The baroque sets were less satisfying, The long slow lines produced a beautiful cantilena, but the rapid passages lacked precision and the da capo arias missed their expected explosions of coloratura in the second or third go-round. There was also a disconnect between Fleming's highly personal approach and that of the period-style band, including harpsichord and theorbo.
In his recital Wednesday in Harris Hall, Harrell brought clarity, precision and just enough stylistic flourish to a delectable program of Debussy, Ravel and Brahms cello sonatas. The highlight for me was the Ravel Sonata for Violin and Cello, in which the composer gets a deeper and more complex sound than you have any right to expect from two bowed instruments. Harrell and his wife, Helen Nightengale, reveled in the piece's endless invention.
That's not to denigrate the Debussy Cello Sonata and the Brahms Cello Sonata No. 2 in F major, in which his pianist collaborator, Jeanne Pearce Martin, seemed to be breathing with him phrase by phrase. Both pieces gained a welcome sense of intimacy, especially the Brahms (in which the piano has more to do than the cello).
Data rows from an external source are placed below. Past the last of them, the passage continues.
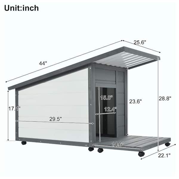 Outdoor Dog House with Food Bowl/4 Swivel Wheels for Small to Medium Dog in Grey
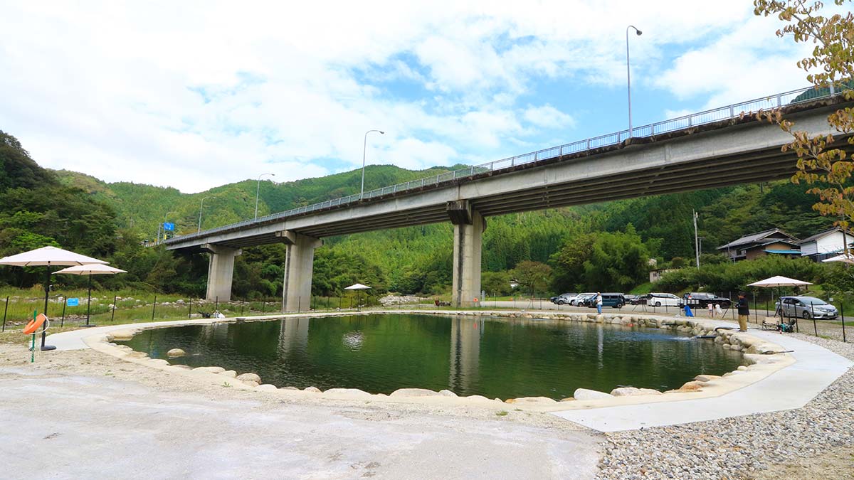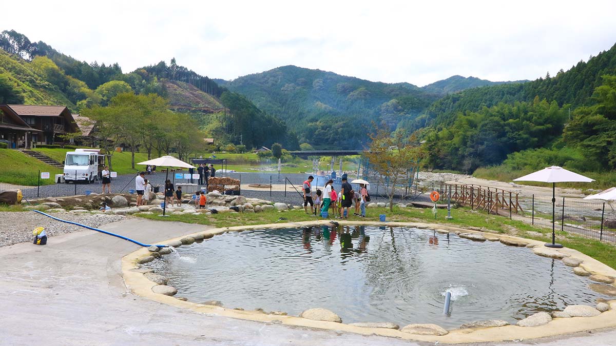 岐阜県恵那市『リバーパークかみやはぎ』はルアーフィッシング、ニジマスえさ釣り、つかみどりが出来る施設です。ほかコテージの宿泊なども行っています。
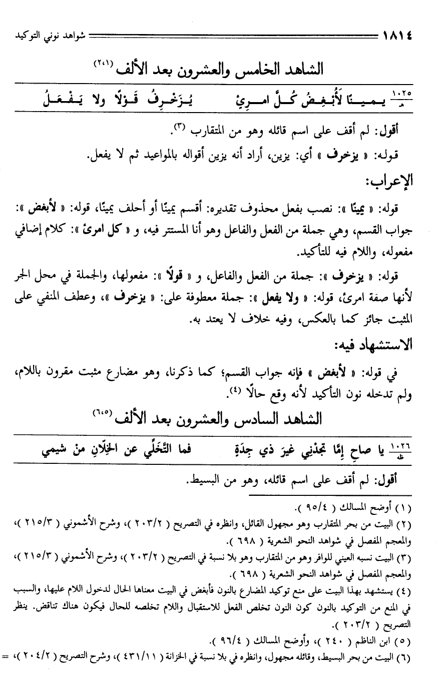 (¬4) يستشهد بهذا البيت على منع توكيد المضارع بالنون فأبغض في البيت معناها الحال لدخول اللام عليها، والسبب في المنع من التوكيد بالنون كون النون تخلص الفعل للاستقبال واللام تخلصه للحال فيكون هناك تناقض. ينظر التصريح (2/ 203).
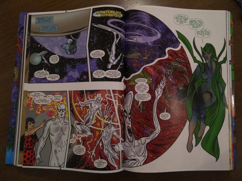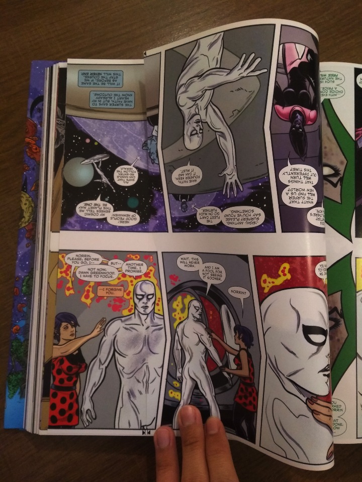 A fase de Slott e dos Allred no Surfista Prateado é dos grandes quadrinhos de super-herói da década passada: uma verdadeira ode à ficção científica em pequenos enredos fechados, cheios de aventura, emoção e personagens em processo de autodescobrimento. A história Felizes Para Nunca, publicada lá fora na edição mensal número 11 (e, no Brasil, no encadernado Surfista Prateado – Últimos Dias – Volume 3), se baseia na teoria matemática da fita de Möbius, criada no século 19. Esta matéria da BBC Brasil explica os detalhes da teoria, mas vale resumi-la. A fita tem a forma semelhante à do número oito deitado e representa um objeto com apenas um lado, sendo impossível determinar sua parte de cima, de baixo, de dentro ou de fora. Pensando nisso, o roteiro coloca o Surfista num looping espacial, um lugar infinito sem saída – e a situação só pode ser resolvida pelo leitor: ao dobrar uma página sobre a outra, encaixando as marcações presentes nos rodapés, os personagens enfim se livram da prisão na qual se encontravam.
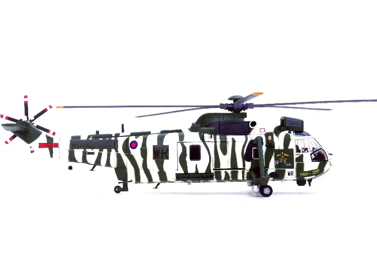 This exceptional 1/72 scale model of the Royal Navy WS-61 HC-4 helicopter is a must-have for collectors and aviation enthusiasts alike. Crafted with a diecast design using a blend of metal and plastic, it showcases a semi-alloy finish that enriches its realistic appearance. The model measures approximately 23 cm in length and has a rotor diameter of about 26 cm, making it a striking display piece. Its detailed cockpit with clear windows reveals a meticulously crafted interior. With a captivating camouflage pattern of green and white stripes, this helicopter model embodies military elegance that will enhance any collection.
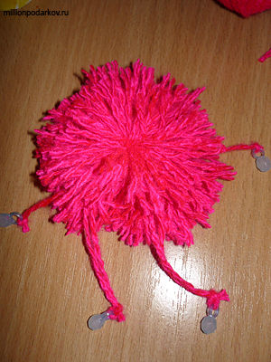 Разрезаем нитки, делаем ножки и ручки
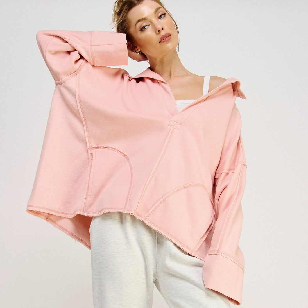 Dusty Pink V Neck Polo Oversized Sweatshirt Pullover
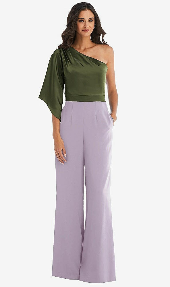 Front View - Lilac Haze & Olive Green One-Shoulder Bell Sleeve Jumpsuit with Pockets
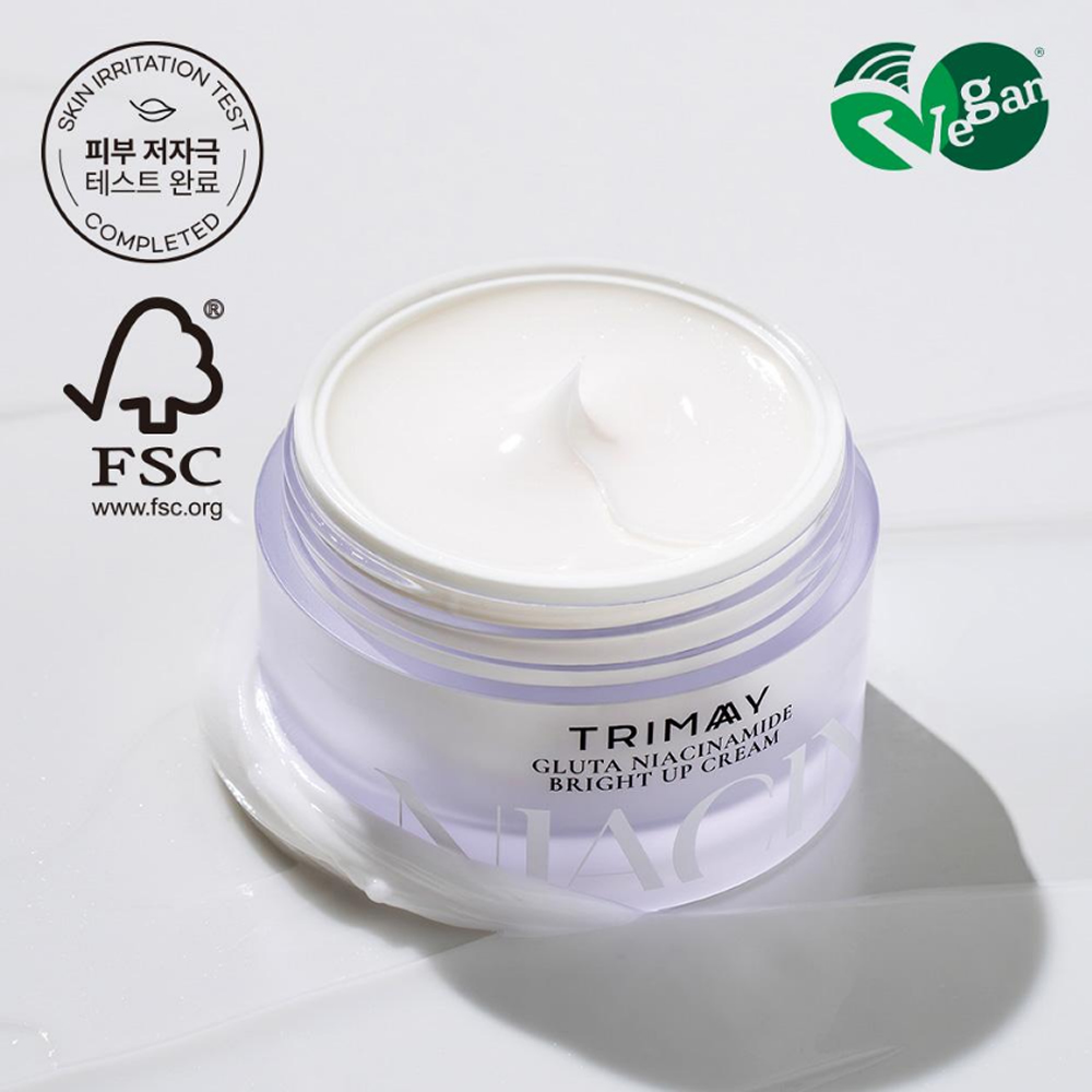O creme Trimay Gluta Niacinamide Bright Up é formulado para eliminar as imperfeições de textura, pigmentação e opacidade, além de deixar a pele purificada e brilhante. O extrato de farelo de arroz, a niacinamida e a glutationa atuam como principais ingredientes ativos da fórmula. Este trio eficaz revitaliza surpreendentemente a pele, combate a opacidade e a pigmentação e devolve um tom saudável ao rosto. Com apenas uma aplicação diária, o creme transforma visivelmente a pele e melhora o aspeto. O produto proporciona um aspeto fresco e saudável e cria o efeito de pele iluminada de dentro para fora.
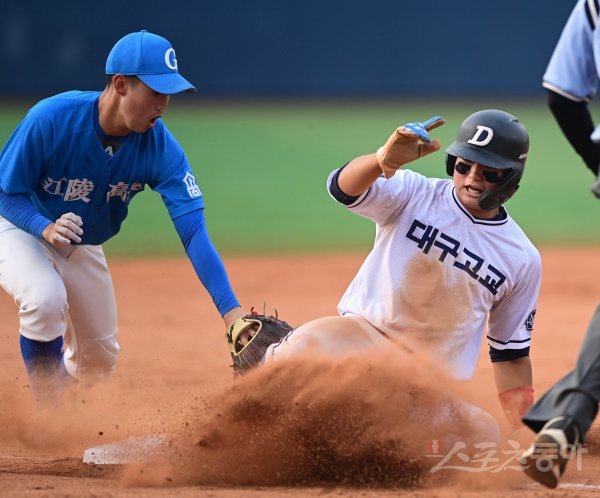 1회초 무사 2루 대구고 2번 진현제의 우전 안타 때 1루주자 이재용이 3루로 파고들어 세이프 되고 있다.
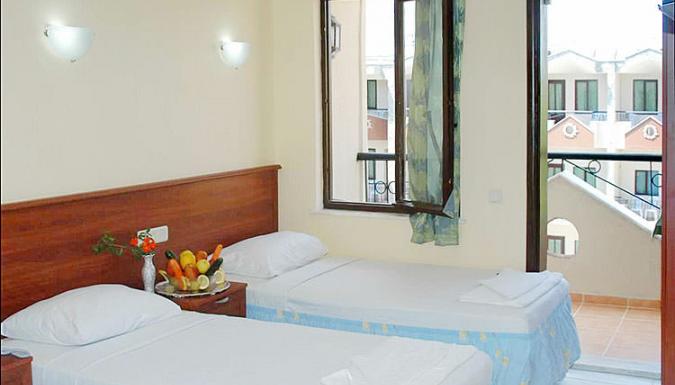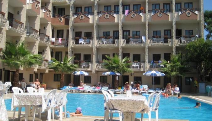 Отель открыт в 1996 году. Площадь отеля 1400 кв м. Один двухэтажный корпус. Пляж: собственный галечный пляж в 2 км от отеля, городской пляж - в 500 м от отеля; зонтики, шезлонги, матрасы - бесплатно, на городском пляже - платно; душ, кабинки; каждый час до пляжа предоставляется микроавтобус. Территория: 1 открытый ресторан, бар, снек-бар, открытый бассейн, детский бассейн, врач (платно). Развлечения и спорт: бесплатно - настольный теннис, бильярд, дартс. Платно - водные виды спорта. Питание All inclusive - все включено: завтрак, обед, ужин - шведский стол, закуски, алкогольные и безалкогольные напитки местного производства; с 10:00 до 23:00 ч.
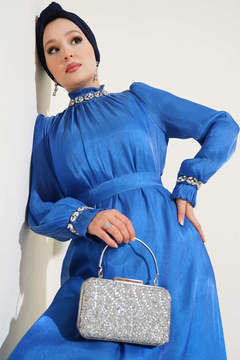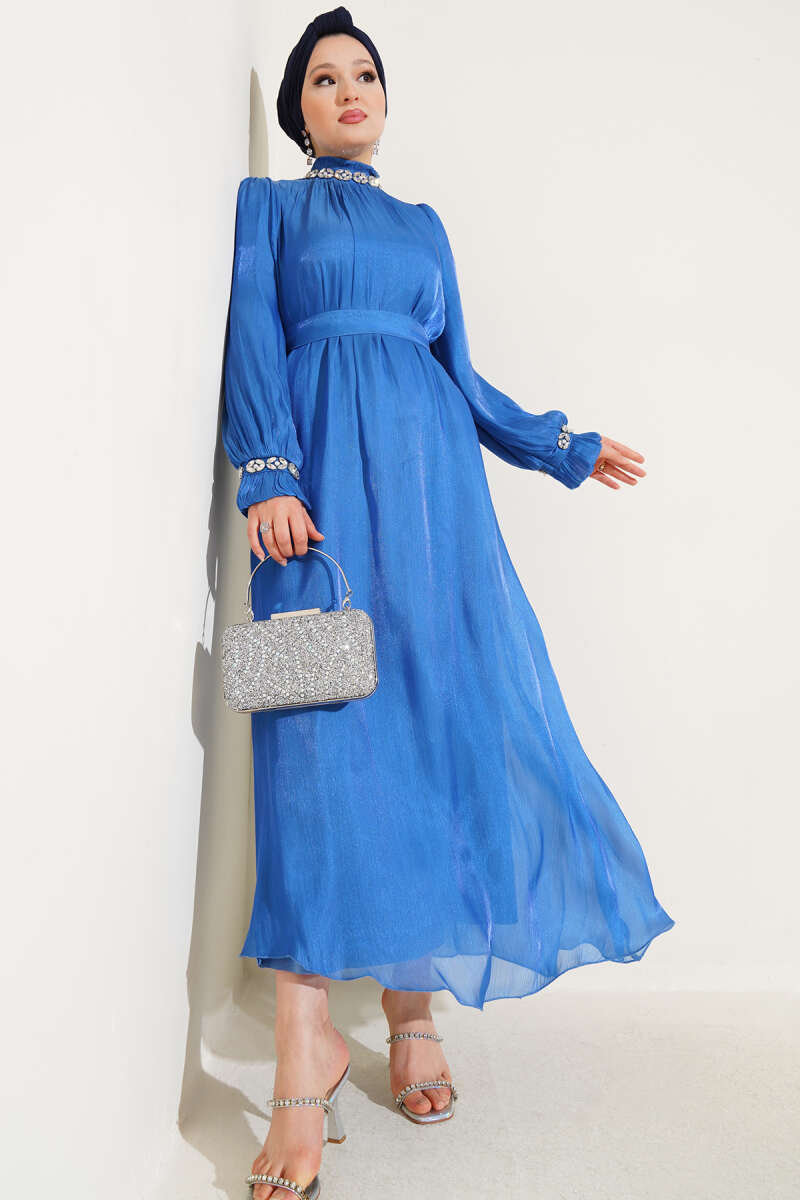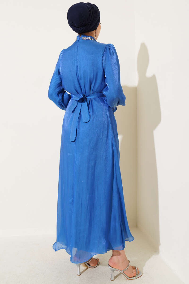 Bilek Bağlamalı Kuşaklı Abiye Elbise Lacivert
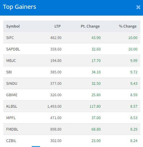 आज नेप्सेमा ६३ अंकको बृद्धि भई हरियाली छाउँदा ४ कम्पनीको शेयरमा सकारात्मक सर्किट लागेको छ । सर्किट लाग्ने कम्पनीहरुमा श्री इन्भेष्टमेन्ट फाइनान्स, सप्तकोशी डेभलपमेन्ट बैंक, मध्य भोटेकोशी जलविद्युत र नेपाल एसबिआइ बैंक रहेका छन् ।
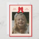 Carte de vacances avec un nœud rouge classique et une bordure.
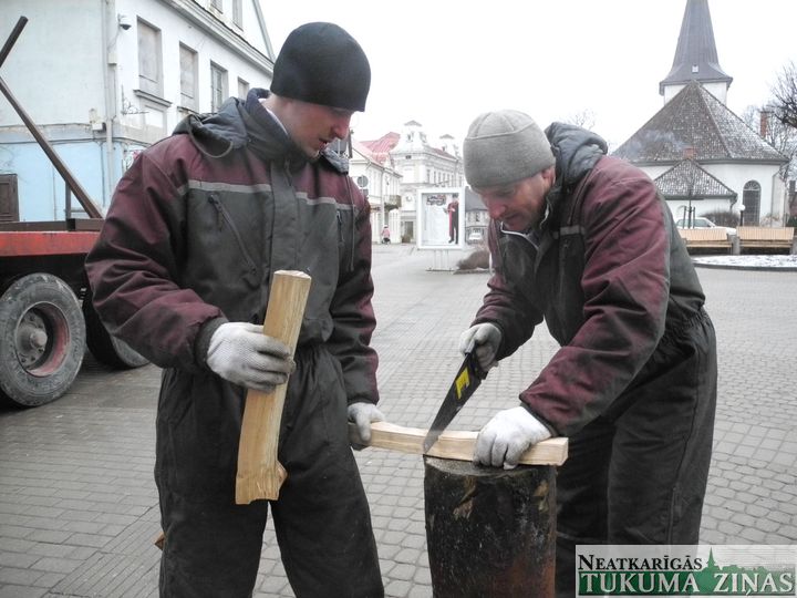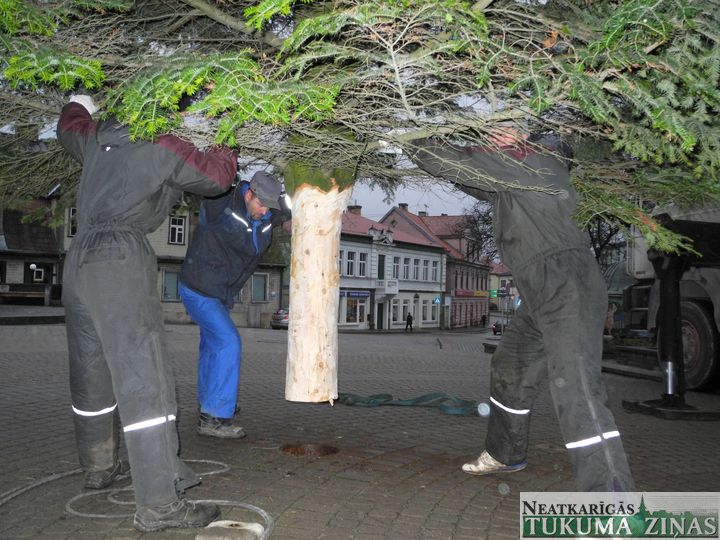 Trešdien, 27. novembrī, Tukumā, Brīvības laukumā cilvēku Ziemassvētku priekam individuālā darba veicējs Ilgvars Jurčs ar Edvīnu Zurģi, Aivaru Driķi un Mārci Jurču pilsētas lielo egli iestatīja.
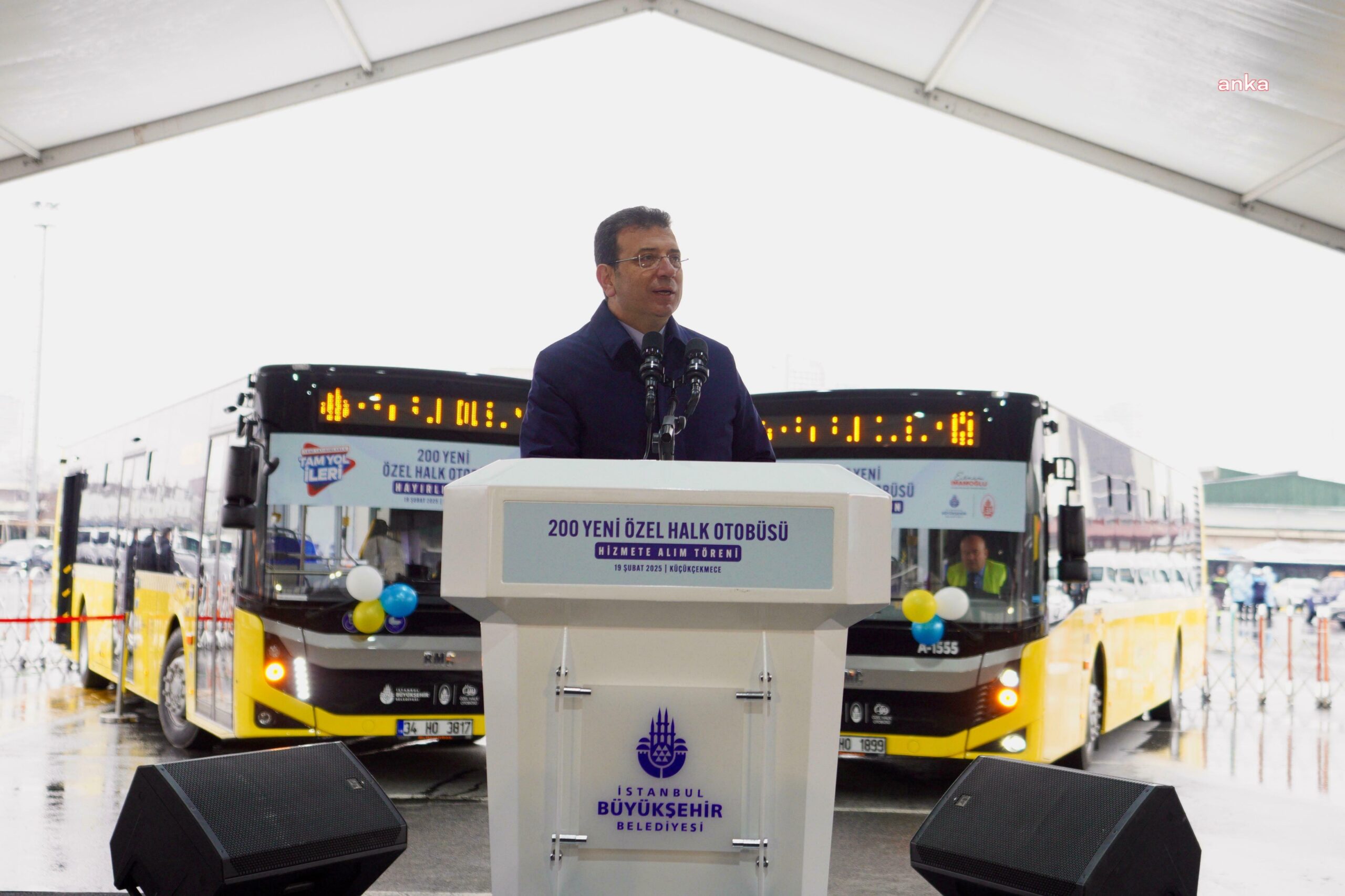200 Yeni Özel Halk Otobüsü Hizmete Alım Töreni, TBB ve İBB Başkanı Ekrem İmamoğlu’nun katılımıyla, İETT İkitelli Garajaı’nda düzenlendi. Kar yağışı altında yapılan törende, Özel Halk Otobüsleri Odası Başkanı Göksel Ovacık, İETT Genel Müdürü İrfan Demet, Küçükçekmece Belediye Başkanı Kemal Çebi ve İmamoğlu birer konuşma yaptı. İstanbul’un, benzeri nüfusa sahip dünya kentlerindeki metro hatlarının yarısı kadar kilometreye sahip olduğu bilgisini paylaşan İmamoğlu, “Toplu taşımanın konforlu hale gelmesinin tek yöntemi, hele hele bir de her bir biçimde büyümüş bir İstanbul’un, bu kadar uzun bir satha uzamış bir İstanbul’un en önemli hattının raylı sistemleri olduğunun altını çiziyorum. Bunu şundan söylüyorum: Bugün aslında otobüslerimize çok ağır bir yük yüklenmekte. Bu yükün hafifleyerek daha az bir yüke evrilmesi ve o sistem içerisinde de çok kaliteli bir yolculuğun orada sağlanmasına ulaşmamız şart” dedi.

Friday's Chamber Orchestra concert introduced conductor Andrey Boreyko to Aspen, and off of this performance he ought to be back soon. He made charming stuff of a puffball programmatic piece by Roussel and got the orchestra playing juicily in Mozart's Piano Concerto No. 23 (although soloist Piotr Anderczewski's colorless playing did little for the work). But Boreyko vividly brought to life an orchestration of Shostakovich's String Quartet No. 3.
As a string quartet, the music is gripping. As the Chamber Symphony in F, it demonstrates how instrumental colors can enhance an already galvanizing piece. It starts off about as happy as Shostakovich gets, clouds form and it gets darker and more nervous, finally ending on a whisper of despair. Orchestrator Rudolf Barshai got Shostakovich's OK for his reworking of the first two quartets. Woodwinds take over melodies when it feels appropriate and, along with the string basses, inject extra density at some points. There are times when Shostakovich seemed to be pushing the boundaries of what a string quartet sound can do. This orchestration lets it happen the way Shostakovich might have wanted it.
When a chamber symphony is on, it does the same thing that music for three or four players can do, but it writes it in larger, more colorful print. Boreyko's conducting did exactly that.
Aspen's unpredictable weather did in Leonard Slatkin for the second straight year. Last summer a huge storm drowned out what might have been a great performance of Prokofiev's Symphony No. 5. Sunday, the heavens opened for a sustained deluge just as Slatkin came out to conduct Tchaikovsky's Symphony No. 5.
He got through the first movement, which sounded pretty good, what we could hear of it. And he waited for the rain to abate. And waited. He sat down on the podium. He chatted with the principal cellist and the concertmaster. He huddled with the festival brass and returned with a microphone to announce that he and the orchestra would go on to the fourth movement, which is fairly loud, and if the rain stopped, they would go back and play the second and third movements. After a rousing go at the finale, and an ovation, they called it a day. It was a good decision. The rain continued for another 45 minutes.
The first half of the program began with a lively performance of the Mozart Concerto for Two Pianos in F major "Lodron," both by the orchestra and the pianists, 12-year-old Conrad Tao and 14-year-old Peng Peng, both Aspen students. But the showstopper was a sensational gallop through Christopher Rouse's loud, rhythmic, wild and wooly 1984 composition Gorgon. The percussionists covered themselves with glory. And then came the rains.
Next year, when Slatkin comes back, no Russian fifth symphonies, OK? Mother nature apparently objects.